Her guest looked round the room with interest. His gaze settled on Edik and registered surprise. Whatever he’d gleaned from the concierge’s tittle-tattle a boy and a dog were clearly not part of the picture. He nodded a greeting of sorts, then reached into the paper bag under his arm, pulled out a pack of biscuits and tossed it across the room.

‘Here, young man,’ he said, ‘take this. And get out.’

It was said so politely that it was impossible to judge how serious he was.

The boy didn’t put out a hand to the biscuits. He just let them spin through the air and fall to the floor with a crunch. He didn’t even give Malofeyev the courtesy of looking at him. Instead he focused on Lydia.

‘Do you want me to stay?’ he muttered.

She loved him for it and at that moment he seemed to become part of her family. Like Chang had said, you don’t need the bond of blood.

‘No,’ she answered and gave him a grateful smile. ‘You can go. I believe you have an errand to run.’

Edik put down the dog, shrugged into the coat that was far too big for his slight frame and, without a glance at the visitor, slouched out of the door.

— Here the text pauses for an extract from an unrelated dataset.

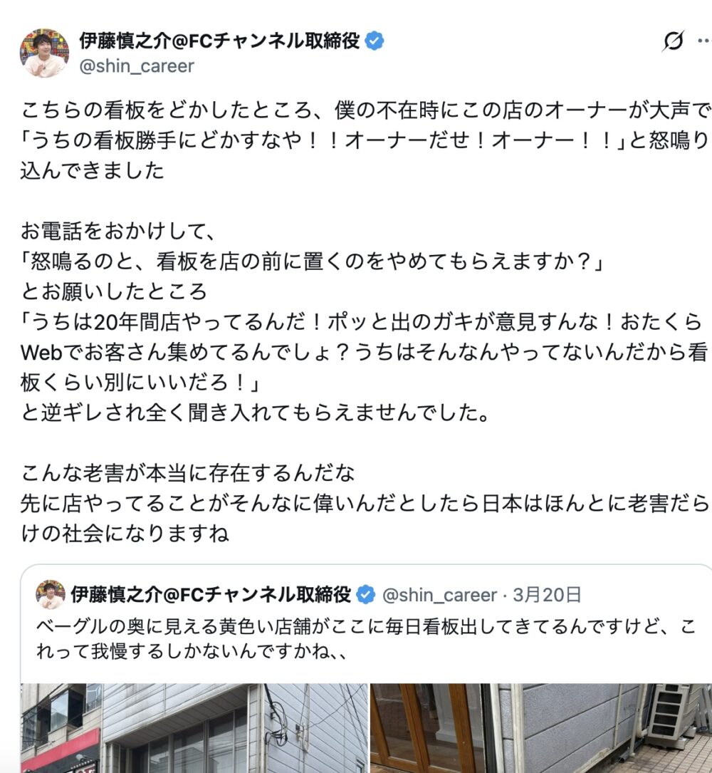 自分のベーグル店の前に出しとるわけちゃうし勝手にどかすとか論外やろ
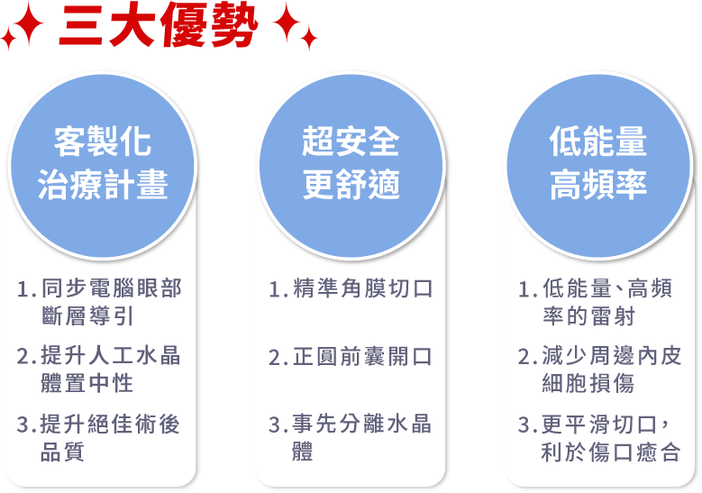 飛秒雷射採超高速擊發頻率(百萬赫茲,MHz),前囊環形切口緊密平滑;同時可快速雷射分割水晶體,降低手術風險,增加人工水晶體位置的置中平衡與穩定度。

The dog snatched up the biscuits between its tiny teeth and trotted after him.

She made him tea. It was the least she could do. On her bed was spread an array of food the likes of which she hadn’t set eyes on since she’d entered Russia. Not even in the shops did they have such riches. Tins of glossy caviar from the Caspian Sea. Almond biscuits and ginger cake. Bars of Swiss chocolate and silvered boxes of glacé fruits from Paris. A leg of smoked ham that made the room smell wonderful, and numerous kinds of fat spicy sausage. She had laid it all out on the bed with care, the way a woman would lay out her gowns and stand back to admire them. When she lifted out from the bottom of the bag a bottle of vodka and a metal case of five fat cigars, she had looked at Malofeyev and raised one eyebrow.

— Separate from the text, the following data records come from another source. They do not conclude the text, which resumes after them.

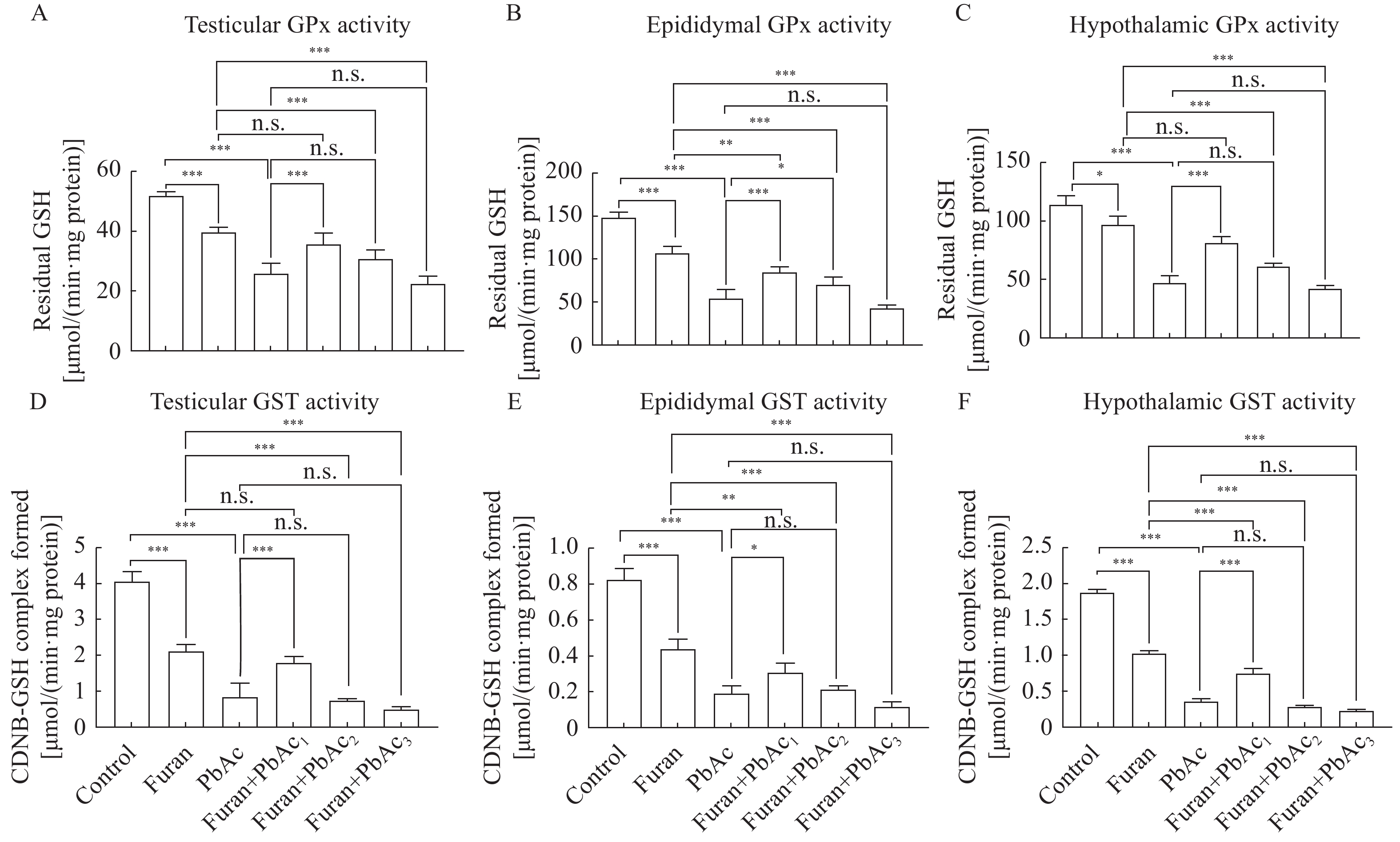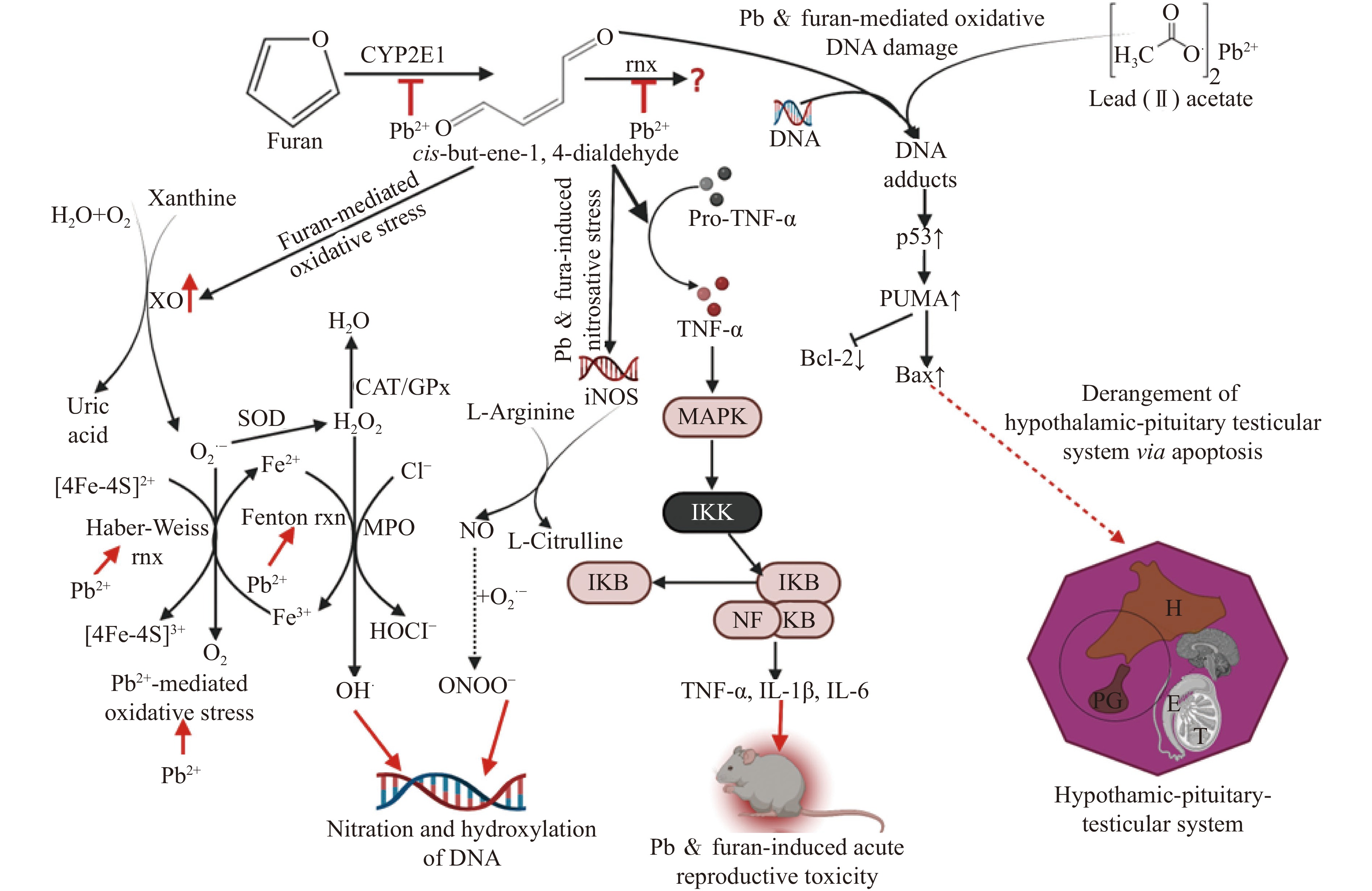 • Lead (Pb) and furan are toxic agents, and persistent exposure may impair human and animal reproductive function. We therefore explored the effects of Pb and furan on male rat hypothalamic-pituitary-gonadal reproductive status, oxidative stress, inflammation, and genomic integrity. We found that co-exposure to Pb and furan reduced the activities of testicular function enzymes, endogenous antioxidant levels, total sulfhydryl group, and glutathione. Sperm abnormality, biomarkers of oxidative stress, inflammation, and p53 expression were increased in a dose-dependent manner by treatment with furan and Pb. Typical rat gonad histoarchitecture features were also damaged. Conclusively, co-exposure to Pb and furan induced male reproductive function derangement by decreasing the antioxidant defences in rats, increasing abnormalities in spermatozoa morphology, and reducing reproductive hormone in circulation. These pathophysiological alterations, if persistent, might provide a permissive environment for potentiating reproductive dysfunction and infertility.
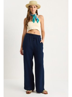 Bianco Lucci Lacivert Müslin Palazzo Pantolon
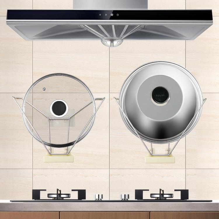 炒菜鍋蓋架304不銹鋼壁掛式免打孔帶接水盤神器廚房置物收納架
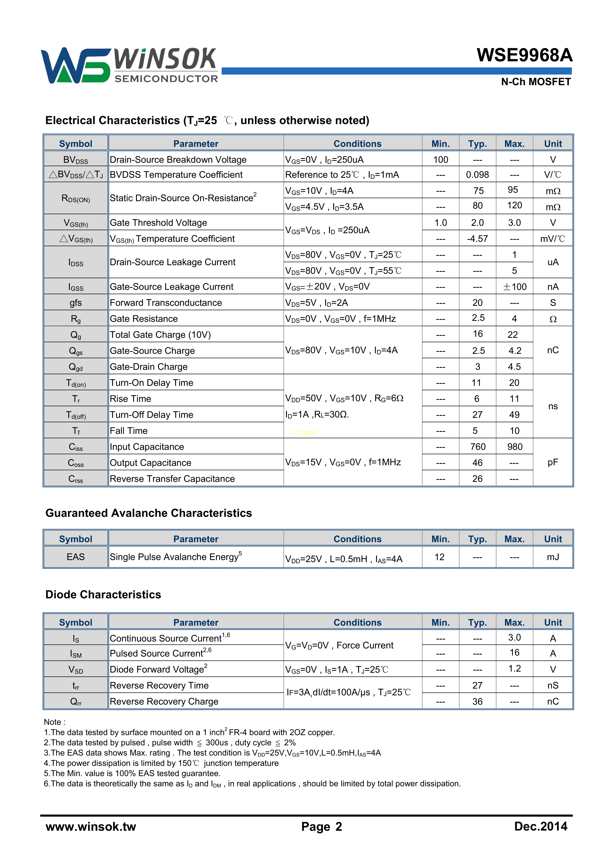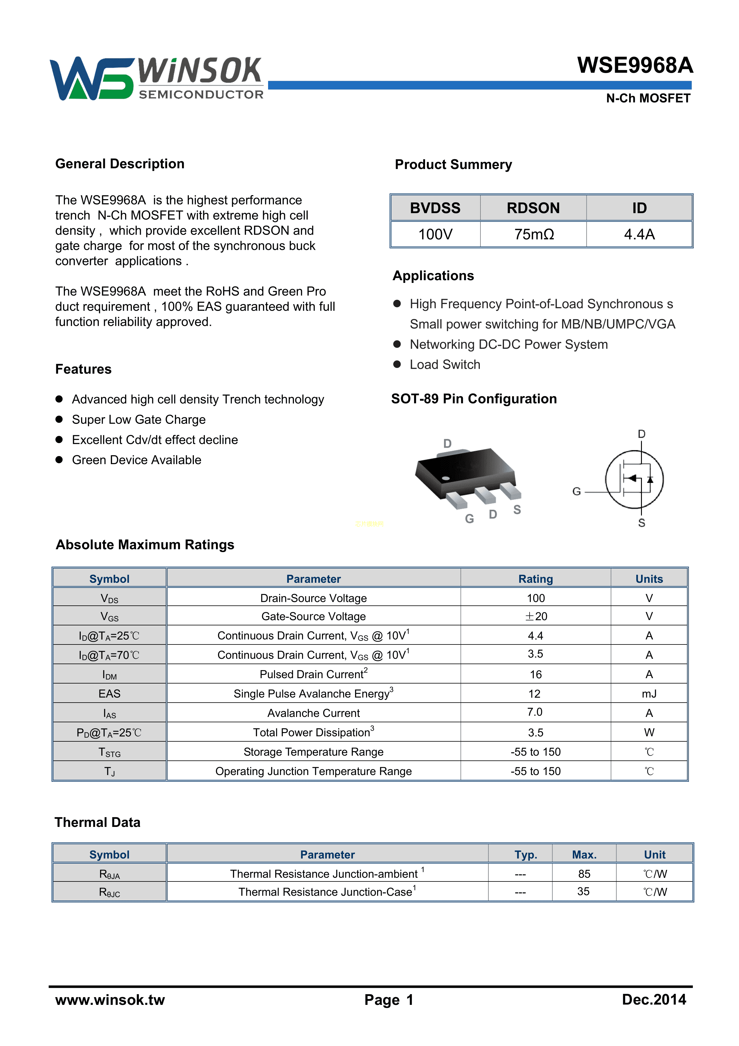 WSE9968A数据手册SOT-89(SOT-89-3)封装WINSOK(微硕)PDF规格书,中英文下载
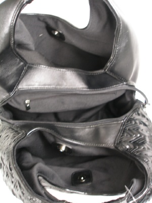 ファスナー付きで内側にはポケットが3つ、その外側にも磁気ホック付き。とても使い勝手の良いバッグです。
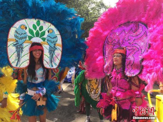 资料图:当地时间2020年2月25日,在巴西圣保罗,两位女子盛装参加街头狂欢活动。一年一度的巴西狂欢节2月21日晚开幕,巴西各大城市进入了“狂欢节时间”。中新社记者 莫成雄 摄
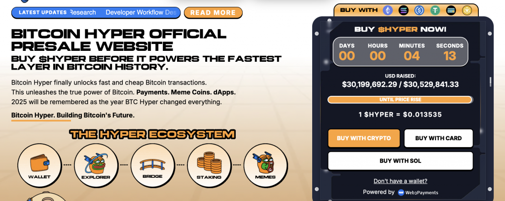Neben etablierten Altcoins wie Solana richten sich die Blicke vieler Investoren zunehmend auf neue Projekte mit höherem Wachstumspotenzial. Besonders häufig genannt wird aktuell Bitcoin Hyper ($HYPER). Das Projekt hat kürzlich die Marke von 30 Millionen US-Dollar im Vorverkauf überschritten, zu einem Zeitpunkt, an dem der Token noch nicht einmal an Börsen gelistet ist.

‘You think I’m a secret smoker?’ She laughed, then hesitated and added a little stiffly, ‘Or are these meant for your own use?’

‘No.’ He was sitting on the window sill, legs crossed, swinging one foot and watching her. ‘They’re for you to use. As trade for whatever else you need. Kerosene perhaps.’

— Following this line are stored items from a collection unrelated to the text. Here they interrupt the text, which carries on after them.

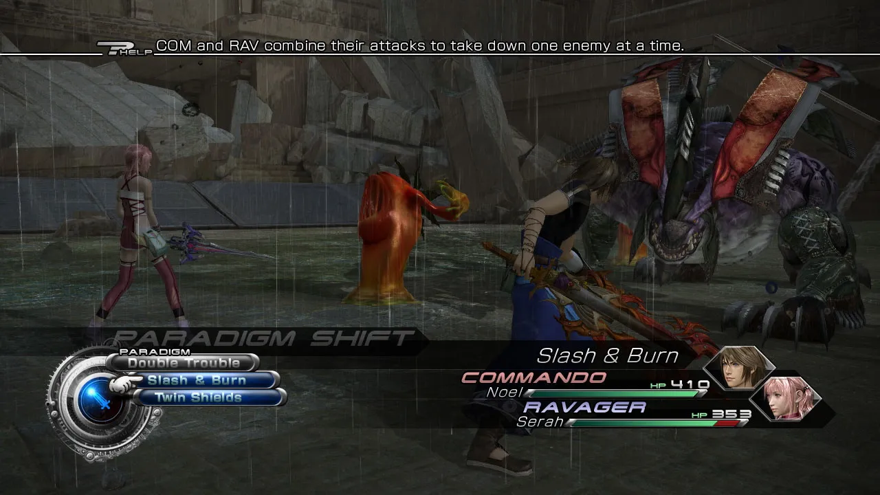 "Slash & Burn is a tactic where Commandos keep the enemy’s chain gauge up and Ravagers increase chain bonuses, both driving the enemy to its stagger point. The higher the chain bonus, the greater the damage the foe will receive."
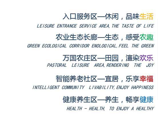 打造理想化、品質(zhì)化、綜合化的能夠盡享田園生活、暢享養(yǎng)老生活、認(rèn)知農(nóng)業(yè)創(chuàng)意、體驗(yàn)休閑樂(lè)趣、品味多元文化、快樂(lè)養(yǎng)生養(yǎng)心……的
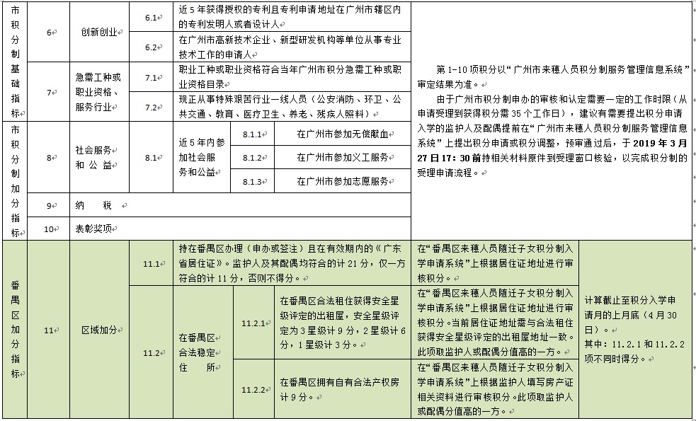 四、根据《广州市人民政府关于印发广州市来穗人员积分制服务管理规定(试行)的通知》及其实施细则要求,各区在广州市来穗人员积分制指标体系之外,补充不超过30分的加分指标。本积分项目第1项至第10项需监护人及其配偶提前在“广州市来穗人员积分制服务管理信息系统 ”上提出积分申请。第11项为彩票平台推荐 区域加分项,需监护人在“彩票平台推荐 来穗人员随迁子女积分制入学申请系统”上提出加分申请。

‘Ah.’ Lydia placed the cigars between a jar of Greek olives and a packet of roast coffee, patted them affectionately like long-lost children and imagined what a guard might be persuaded to do in exchange for such a gift. ‘Spasibo.’ She smiled, not sure whether it was at him or at the food, and tried not to feel bought. Her feet wouldn’t move from the bed and she was frightened that if she looked away it might all disappear in a puff of smoke.

‘You’re welcome, Lydia.’

She waited for more words but none came.

‘Comrade Malofeyev, what do I owe you for this?’

‘Nothing. Don’t worry,’ he smiled at her, ‘there’s no price tag.’